### Records for the task
---------------
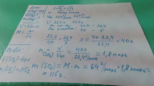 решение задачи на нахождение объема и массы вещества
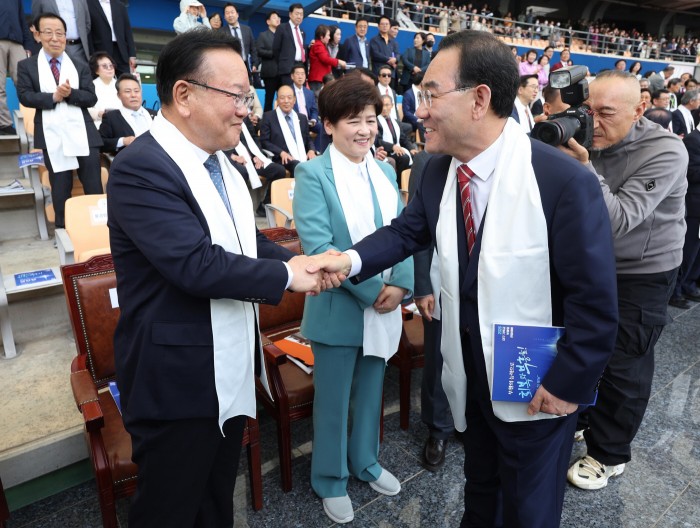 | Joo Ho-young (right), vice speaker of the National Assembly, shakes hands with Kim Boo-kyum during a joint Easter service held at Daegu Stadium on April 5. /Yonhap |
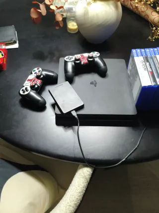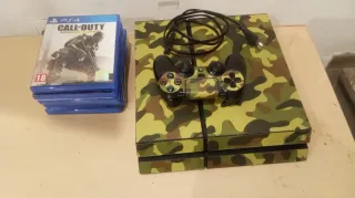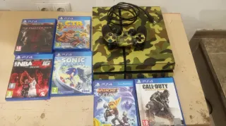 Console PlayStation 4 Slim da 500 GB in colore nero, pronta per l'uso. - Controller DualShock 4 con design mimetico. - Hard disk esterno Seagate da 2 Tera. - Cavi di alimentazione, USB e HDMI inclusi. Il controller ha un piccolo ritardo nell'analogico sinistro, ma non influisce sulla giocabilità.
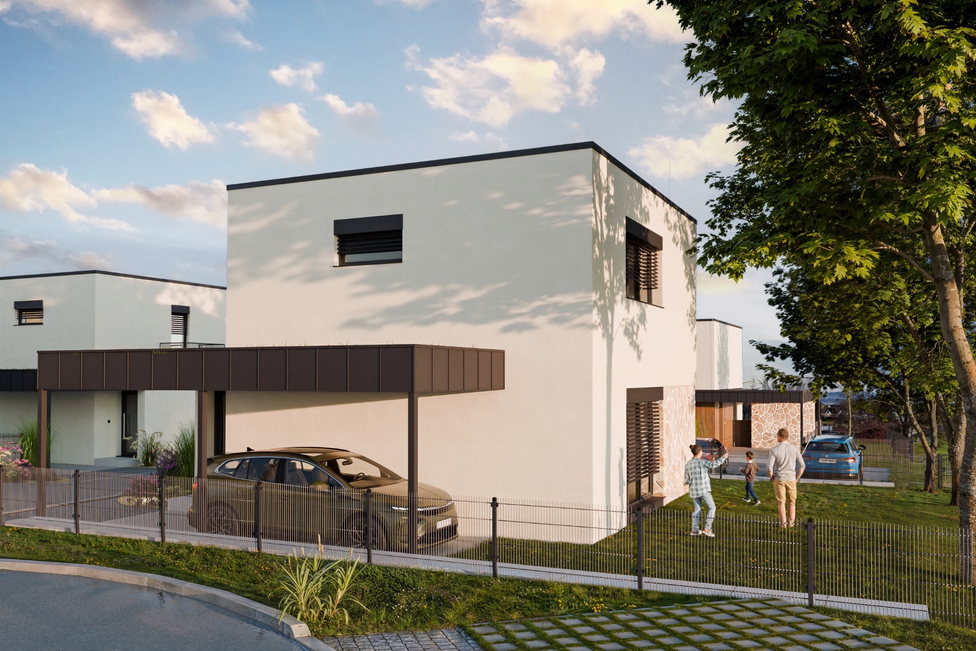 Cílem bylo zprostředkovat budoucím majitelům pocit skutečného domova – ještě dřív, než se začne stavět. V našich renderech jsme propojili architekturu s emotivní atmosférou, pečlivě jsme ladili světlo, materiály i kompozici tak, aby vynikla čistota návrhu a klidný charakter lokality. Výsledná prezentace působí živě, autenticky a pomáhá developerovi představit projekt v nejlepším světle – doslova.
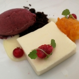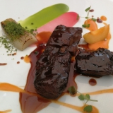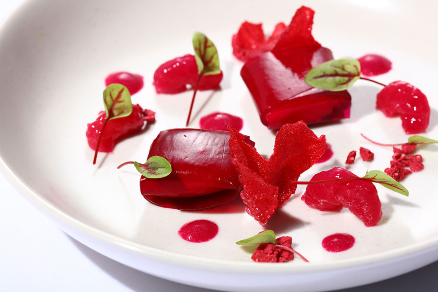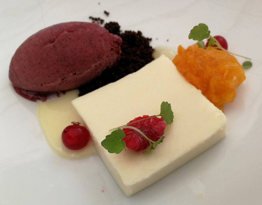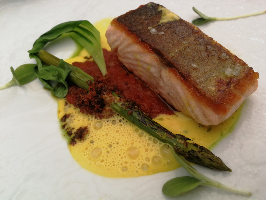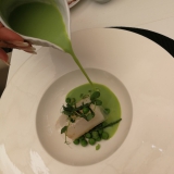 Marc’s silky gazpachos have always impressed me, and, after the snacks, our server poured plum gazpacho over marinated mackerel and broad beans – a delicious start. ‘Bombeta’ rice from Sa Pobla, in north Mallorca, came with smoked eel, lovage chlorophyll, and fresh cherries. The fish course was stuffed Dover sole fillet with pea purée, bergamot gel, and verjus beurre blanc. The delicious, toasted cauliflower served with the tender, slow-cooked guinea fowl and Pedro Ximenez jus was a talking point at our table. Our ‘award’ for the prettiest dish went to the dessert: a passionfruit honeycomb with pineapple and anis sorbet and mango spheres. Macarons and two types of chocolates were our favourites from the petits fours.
---------------
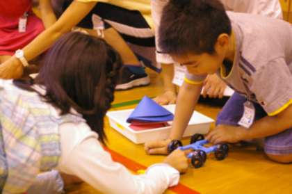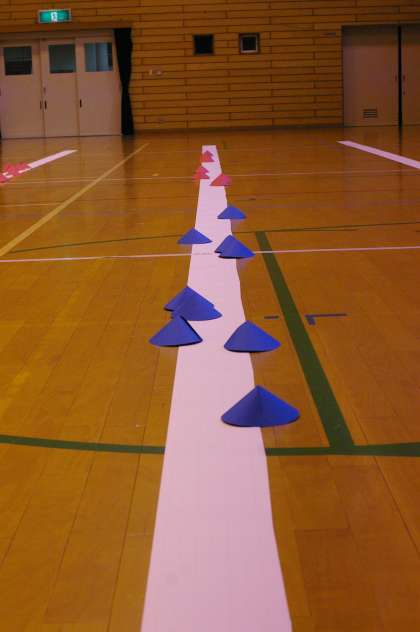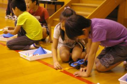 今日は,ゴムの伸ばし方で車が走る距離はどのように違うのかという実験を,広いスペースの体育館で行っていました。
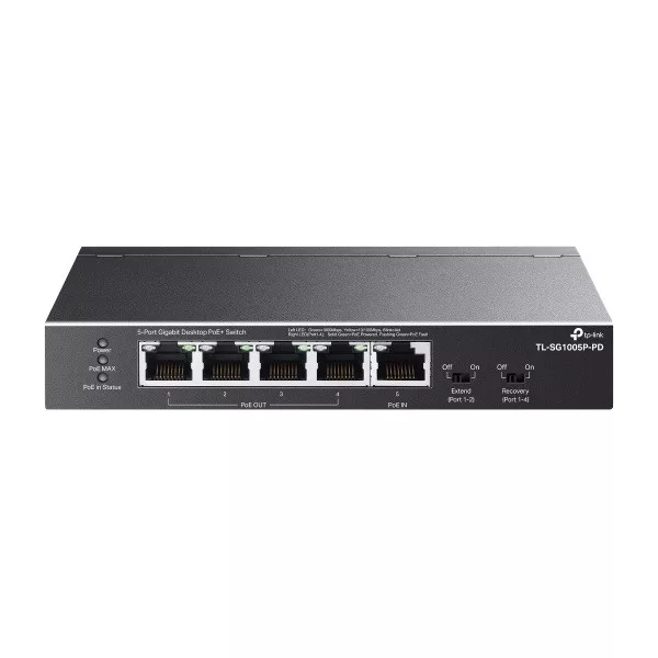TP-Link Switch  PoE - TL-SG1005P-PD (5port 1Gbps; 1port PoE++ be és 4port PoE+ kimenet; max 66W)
---------------
### Activity
Lines wanted from the entries above: the one with "решение задачи на", the one with "Cílem bylo zprostředkovat", and all lines between. Please copy them exactly, without the pictures and without anything else.

### Task result
 решение задачи на нахождение объема и массы вещества
 | Joo Ho-young (right), vice speaker of the National Assembly, shakes hands with Kim Boo-kyum during a joint Easter service held at Daegu Stadium on April 5. /Yonhap |
 Console PlayStation 4 Slim da 500 GB in colore nero, pronta per l'uso. - Controller DualShock 4 con design mimetico. - Hard disk esterno Seagate da 2 Tera. - Cavi di alimentazione, USB e HDMI inclusi. Il controller ha un piccolo ritardo nell'analogico sinistro, ma non influisce sulla giocabilità.
 Cílem bylo zprostředkovat budoucím majitelům pocit skutečného domova – ještě dřív, než se začne stavět. V našich renderech jsme propojili architekturu s emotivní atmosférou, pečlivě jsme ladili světlo, materiály i kompozici tak, aby vynikla čistota návrhu a klidný charakter lokality. Výsledná prezentace působí živě, autenticky a pomáhá developerovi představit projekt v nejlepším světle – doslova.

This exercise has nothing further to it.